[TASK MATERIAL Boundary: Start]

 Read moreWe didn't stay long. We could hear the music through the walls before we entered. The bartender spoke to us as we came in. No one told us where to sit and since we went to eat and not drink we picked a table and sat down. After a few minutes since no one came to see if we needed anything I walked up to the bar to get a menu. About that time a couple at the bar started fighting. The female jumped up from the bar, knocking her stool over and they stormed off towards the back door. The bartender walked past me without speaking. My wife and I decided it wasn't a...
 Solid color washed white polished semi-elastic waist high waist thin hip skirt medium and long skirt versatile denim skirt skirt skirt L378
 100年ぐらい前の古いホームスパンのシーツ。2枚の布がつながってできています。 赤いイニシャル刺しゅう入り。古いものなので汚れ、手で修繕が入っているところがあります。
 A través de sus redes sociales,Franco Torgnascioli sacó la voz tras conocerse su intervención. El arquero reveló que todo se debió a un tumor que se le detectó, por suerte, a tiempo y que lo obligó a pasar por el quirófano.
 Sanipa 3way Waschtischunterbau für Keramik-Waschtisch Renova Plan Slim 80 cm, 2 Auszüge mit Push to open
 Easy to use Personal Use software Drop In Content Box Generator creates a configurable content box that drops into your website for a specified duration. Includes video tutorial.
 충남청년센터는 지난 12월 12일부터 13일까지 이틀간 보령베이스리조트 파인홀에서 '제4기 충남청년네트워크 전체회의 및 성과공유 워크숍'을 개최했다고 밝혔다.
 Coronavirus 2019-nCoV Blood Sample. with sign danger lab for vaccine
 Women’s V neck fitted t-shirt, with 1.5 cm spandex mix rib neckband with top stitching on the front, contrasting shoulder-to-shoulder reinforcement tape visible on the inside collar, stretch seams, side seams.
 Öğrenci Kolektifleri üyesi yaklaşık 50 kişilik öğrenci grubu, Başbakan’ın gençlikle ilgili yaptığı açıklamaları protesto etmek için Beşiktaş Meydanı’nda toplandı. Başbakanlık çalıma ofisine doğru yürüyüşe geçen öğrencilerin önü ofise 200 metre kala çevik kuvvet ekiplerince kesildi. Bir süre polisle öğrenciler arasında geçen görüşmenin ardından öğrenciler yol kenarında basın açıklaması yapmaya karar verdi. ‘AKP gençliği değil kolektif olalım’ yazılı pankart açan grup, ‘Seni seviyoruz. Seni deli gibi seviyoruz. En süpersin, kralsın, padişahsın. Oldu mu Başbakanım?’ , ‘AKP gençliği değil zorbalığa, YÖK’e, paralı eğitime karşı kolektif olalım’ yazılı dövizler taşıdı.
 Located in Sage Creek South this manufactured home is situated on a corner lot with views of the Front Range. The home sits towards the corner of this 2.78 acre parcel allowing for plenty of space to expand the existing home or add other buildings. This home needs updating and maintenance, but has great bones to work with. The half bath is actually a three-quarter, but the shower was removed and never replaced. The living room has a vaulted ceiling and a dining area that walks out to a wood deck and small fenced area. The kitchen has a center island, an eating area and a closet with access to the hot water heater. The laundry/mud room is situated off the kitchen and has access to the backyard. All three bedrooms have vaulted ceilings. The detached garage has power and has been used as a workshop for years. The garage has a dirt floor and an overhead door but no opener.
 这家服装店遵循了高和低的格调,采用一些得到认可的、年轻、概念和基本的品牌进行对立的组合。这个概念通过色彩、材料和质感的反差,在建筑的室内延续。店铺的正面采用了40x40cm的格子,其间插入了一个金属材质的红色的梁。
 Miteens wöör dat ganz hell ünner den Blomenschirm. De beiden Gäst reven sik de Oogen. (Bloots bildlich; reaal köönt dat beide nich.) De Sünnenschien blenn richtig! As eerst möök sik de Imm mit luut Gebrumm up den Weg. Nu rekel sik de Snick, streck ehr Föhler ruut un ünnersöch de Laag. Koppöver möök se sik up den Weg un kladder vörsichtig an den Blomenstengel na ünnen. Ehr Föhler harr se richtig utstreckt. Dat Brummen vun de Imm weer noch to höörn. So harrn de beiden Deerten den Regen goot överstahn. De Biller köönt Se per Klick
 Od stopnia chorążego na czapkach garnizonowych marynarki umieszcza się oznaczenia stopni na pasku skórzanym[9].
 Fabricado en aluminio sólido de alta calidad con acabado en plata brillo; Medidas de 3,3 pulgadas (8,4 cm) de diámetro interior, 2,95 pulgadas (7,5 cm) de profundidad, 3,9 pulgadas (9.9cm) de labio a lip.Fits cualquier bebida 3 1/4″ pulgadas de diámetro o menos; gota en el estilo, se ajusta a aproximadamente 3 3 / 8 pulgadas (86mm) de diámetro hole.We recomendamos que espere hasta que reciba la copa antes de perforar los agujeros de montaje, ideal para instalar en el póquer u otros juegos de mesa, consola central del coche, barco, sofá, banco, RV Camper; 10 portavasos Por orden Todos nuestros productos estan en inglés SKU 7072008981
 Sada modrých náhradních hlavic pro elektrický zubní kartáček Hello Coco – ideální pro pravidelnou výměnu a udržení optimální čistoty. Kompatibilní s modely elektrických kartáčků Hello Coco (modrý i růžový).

[TASK MATERIAL Boundary: End]

- _WORK TO COMPLETE_: Find the lines above with the word "long". Copy them out.

- _SOLUTION FOR THIS PROBLEM_:
 Read moreWe didn't stay long. We could hear the music through the walls before we entered. The bartender spoke to us as we came in. No one told us where to sit and since we went to eat and not drink we picked a table and sat down. After a few minutes since no one came to see if we needed anything I walked up to the bar to get a menu. About that time a couple at the bar started fighting. The female jumped up from the bar, knocking her stool over and they stormed off towards the back door. The bartender walked past me without speaking. My wife and I decided it wasn't a...
 Solid color washed white polished semi-elastic waist high waist thin hip skirt medium and long skirt versatile denim skirt skirt skirt L378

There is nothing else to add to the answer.